• What you should do:
Print every line below exactly as written, but leave the pictures behind.

#### Information supplied

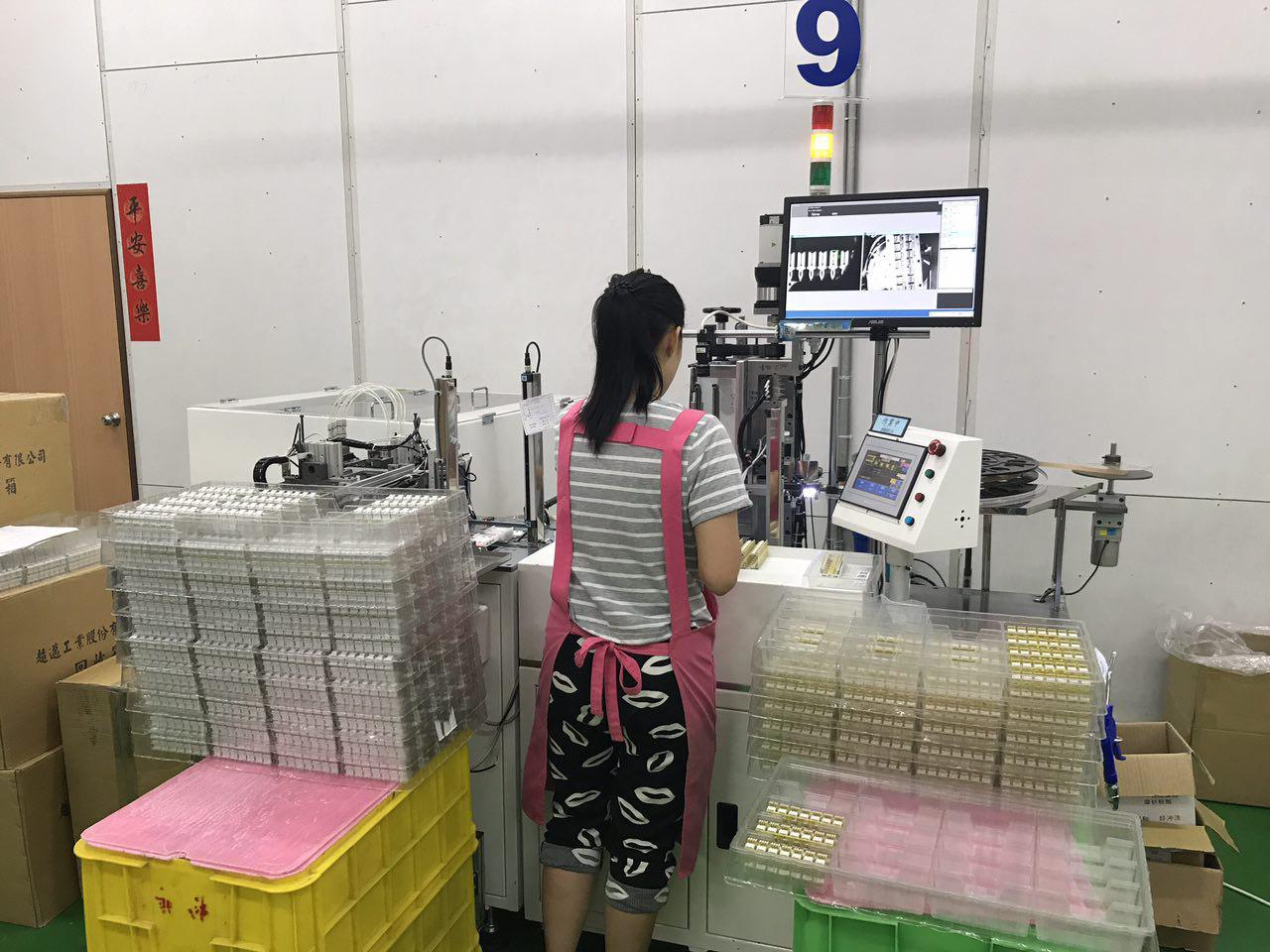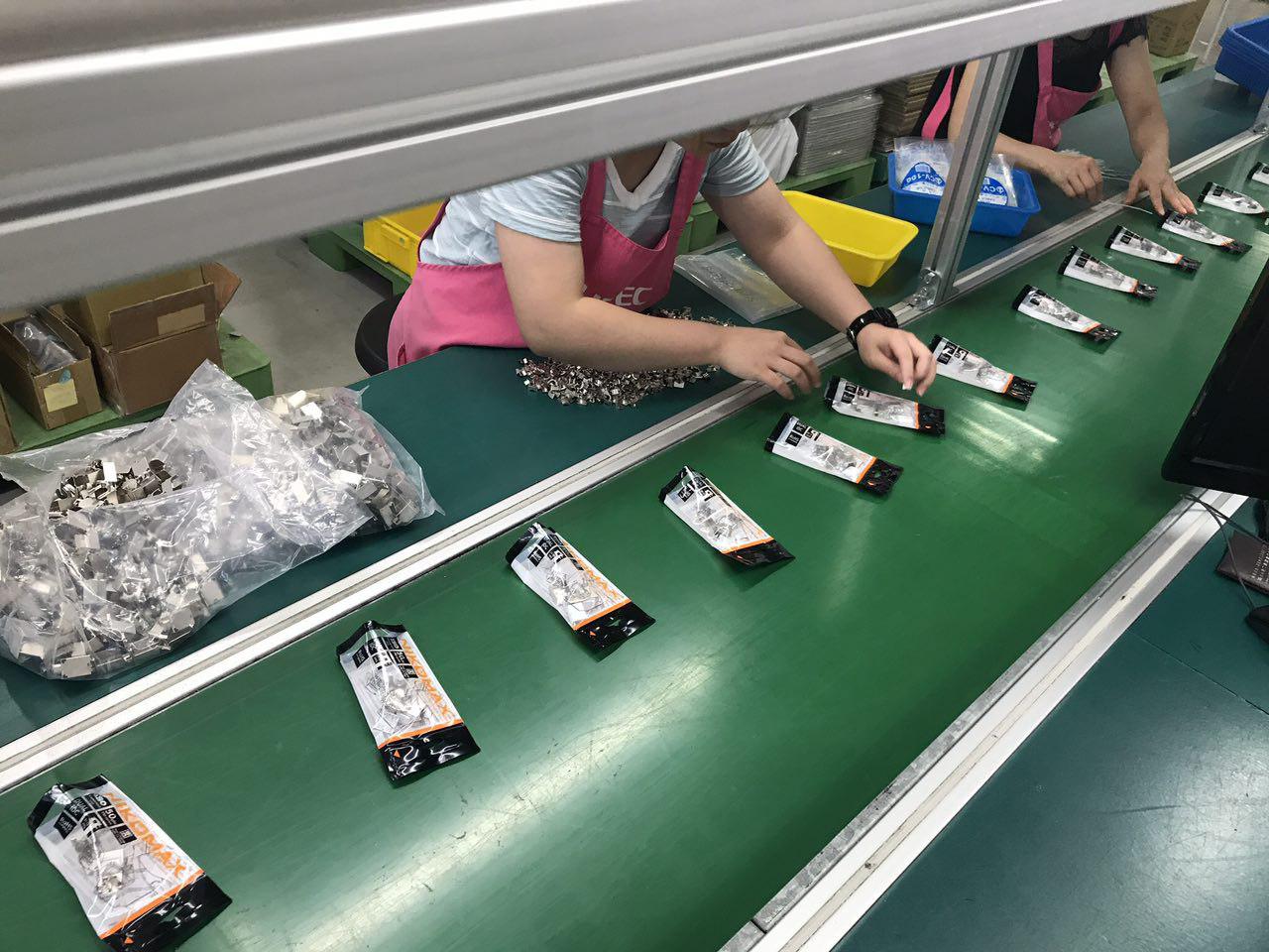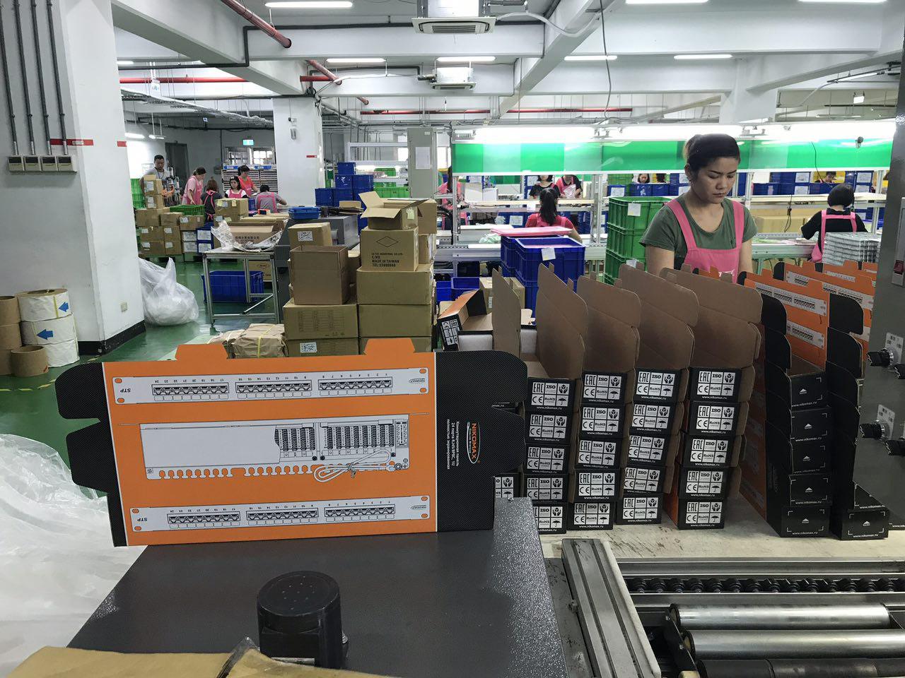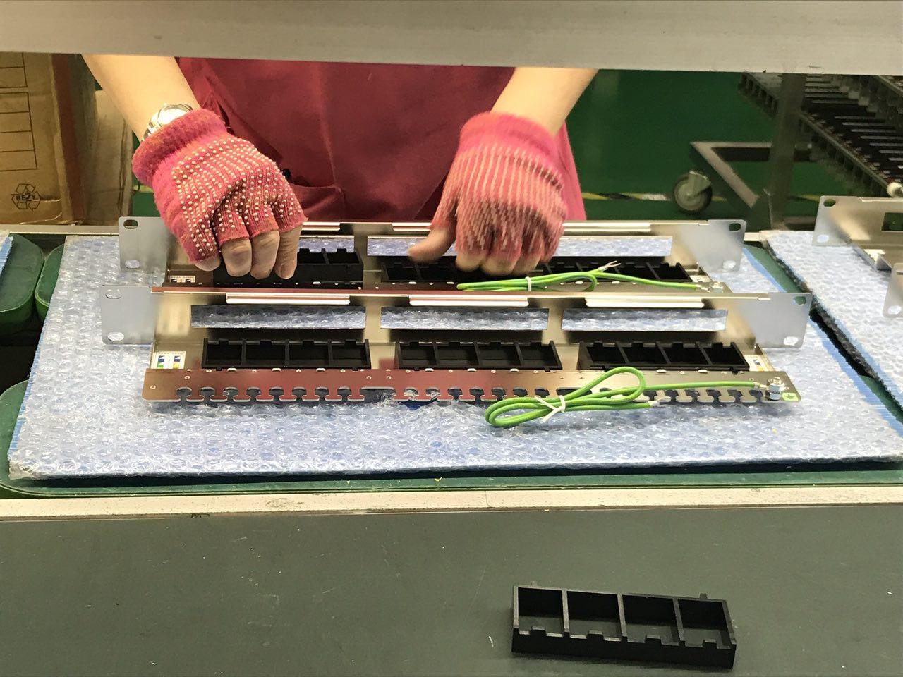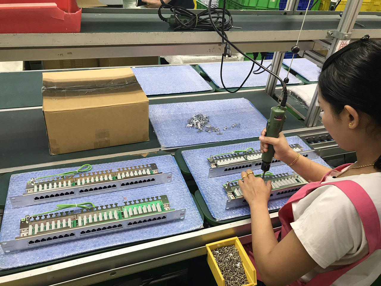 There are a lot of conveyor lines in Factory B. Some of them are fully automated, such as the soldering printed circuit boards or inserting pins. Some lines - mainly assembly and packaging - involve a large part of labor forces. At the control stage, machines and humans are combined for a 100% quality guarantee. No potential flaw can hide itself from the "3-in-1 controller"; this device checks the continuity of the component and wiring label direction, and if puns are sunk. The probability that the human eye misses some problem at first, and then the machine fails to detect it is zero. Because NIKOMAX keystone modules are constantly involved in projects with a 25-year warranty, they simply cannot be defective.
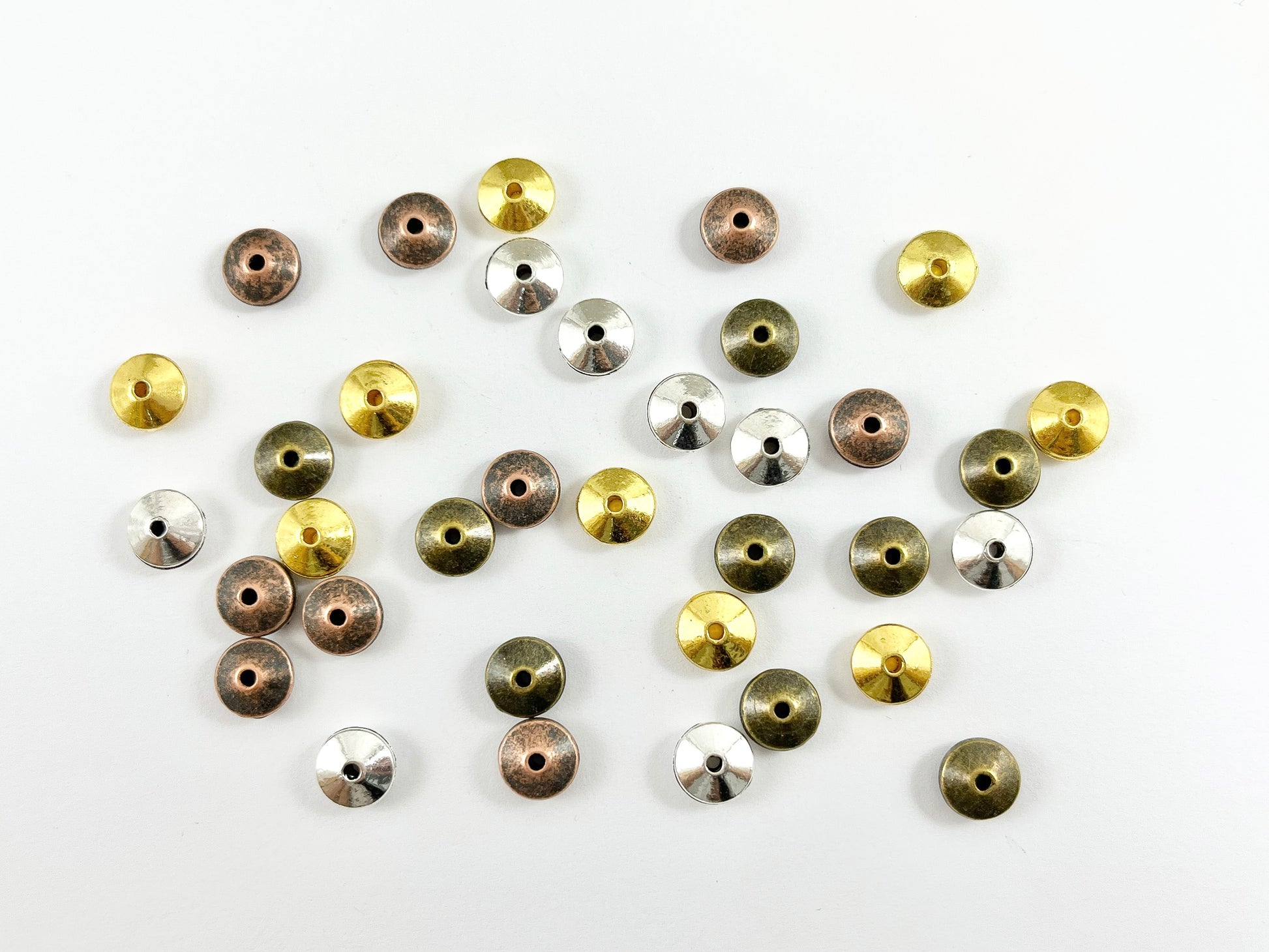 4x8mm Pewter Shiny Smooth Saucer Spacer Beads Gold, Silver, Antique Bronze, Antique Copper 125 Grams Bag
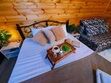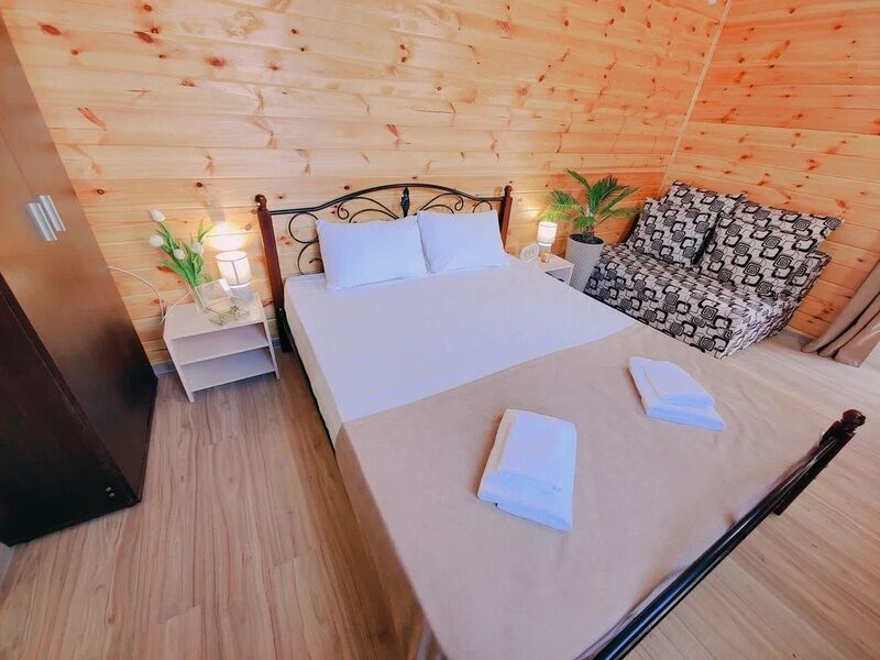 В номере: одна двуспальная кровать, двуспальный раскладной диван, прикроватные тумбы, прикроватные светильники, ЖК-телевизор, сплит-система, вешалка, шкаф.
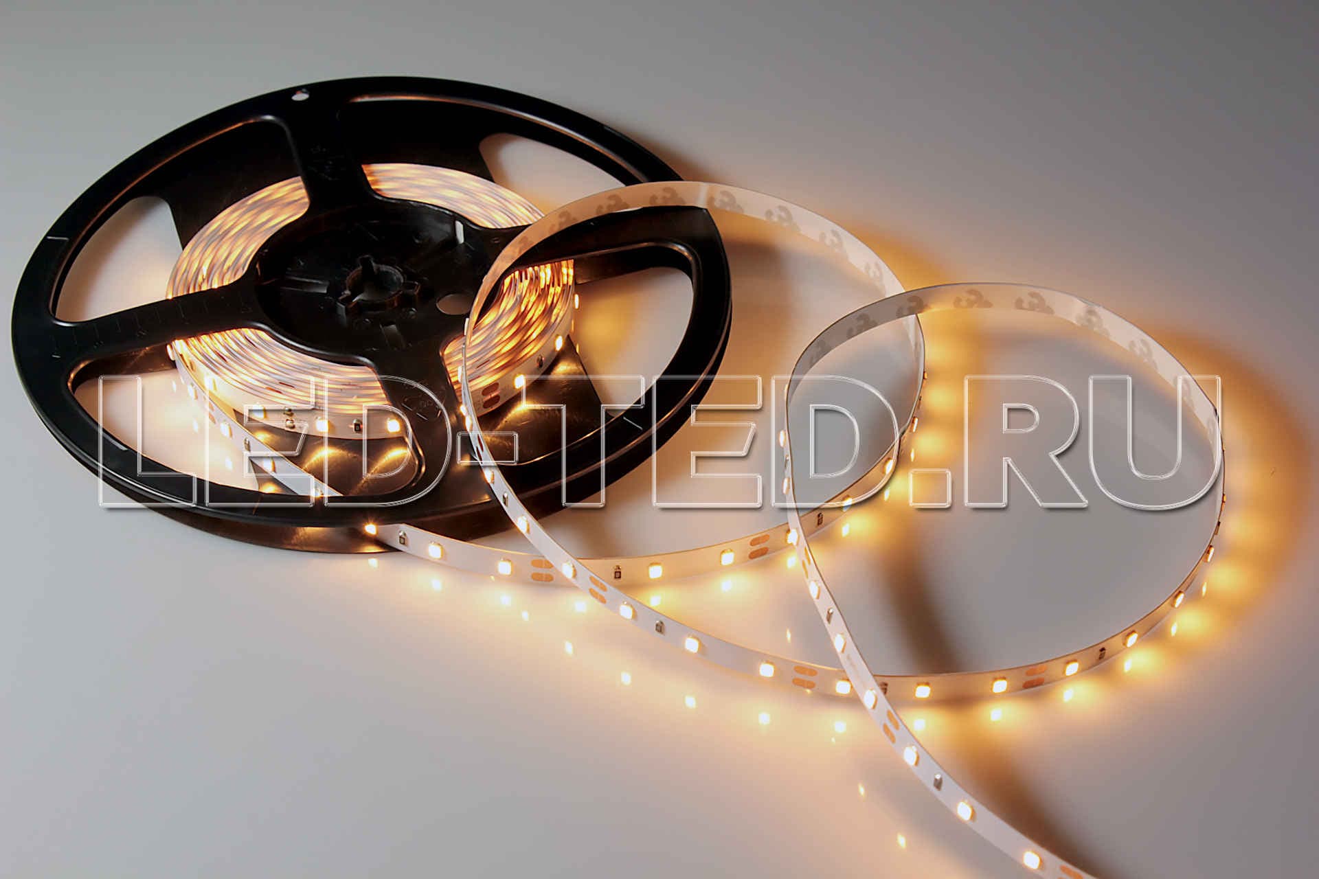 Гибкая лента PRO, светодиоды smd 2835, 60шт/м 300шт на 5м, белая плата 8мм, скотч 3М. Цвет ТЁПЛЫЙ как свеча 2200-2400K. Питание 12V, мощность 7.2 Вт/м 36 Вт на 5м, угол 120°, цветопередача CRI>85. Размеры 5000х8x1.5мм. Мин.отрезок 50мм, 3 шт светодиода. Пакет 5м. Цена за 1м. 018108

########

• Reply to the task:
 There are a lot of conveyor lines in Factory B. Some of them are fully automated, such as the soldering printed circuit boards or inserting pins. Some lines - mainly assembly and packaging - involve a large part of labor forces. At the control stage, machines and humans are combined for a 100% quality guarantee. No potential flaw can hide itself from the "3-in-1 controller"; this device checks the continuity of the component and wiring label direction, and if puns are sunk. The probability that the human eye misses some problem at first, and then the machine fails to detect it is zero. Because NIKOMAX keystone modules are constantly involved in projects with a 25-year warranty, they simply cannot be defective.
 4x8mm Pewter Shiny Smooth Saucer Spacer Beads Gold, Silver, Antique Bronze, Antique Copper 125 Grams Bag
 В номере: одна двуспальная кровать, двуспальный раскладной диван, прикроватные тумбы, прикроватные светильники, ЖК-телевизор, сплит-система, вешалка, шкаф.
 Гибкая лента PRO, светодиоды smd 2835, 60шт/м 300шт на 5м, белая плата 8мм, скотч 3М. Цвет ТЁПЛЫЙ как свеча 2200-2400K. Питание 12V, мощность 7.2 Вт/м 36 Вт на 5м, угол 120°, цветопередача CRI>85. Размеры 5000х8x1.5мм. Мин.отрезок 50мм, 3 шт светодиода. Пакет 5м. Цена за 1м. 018108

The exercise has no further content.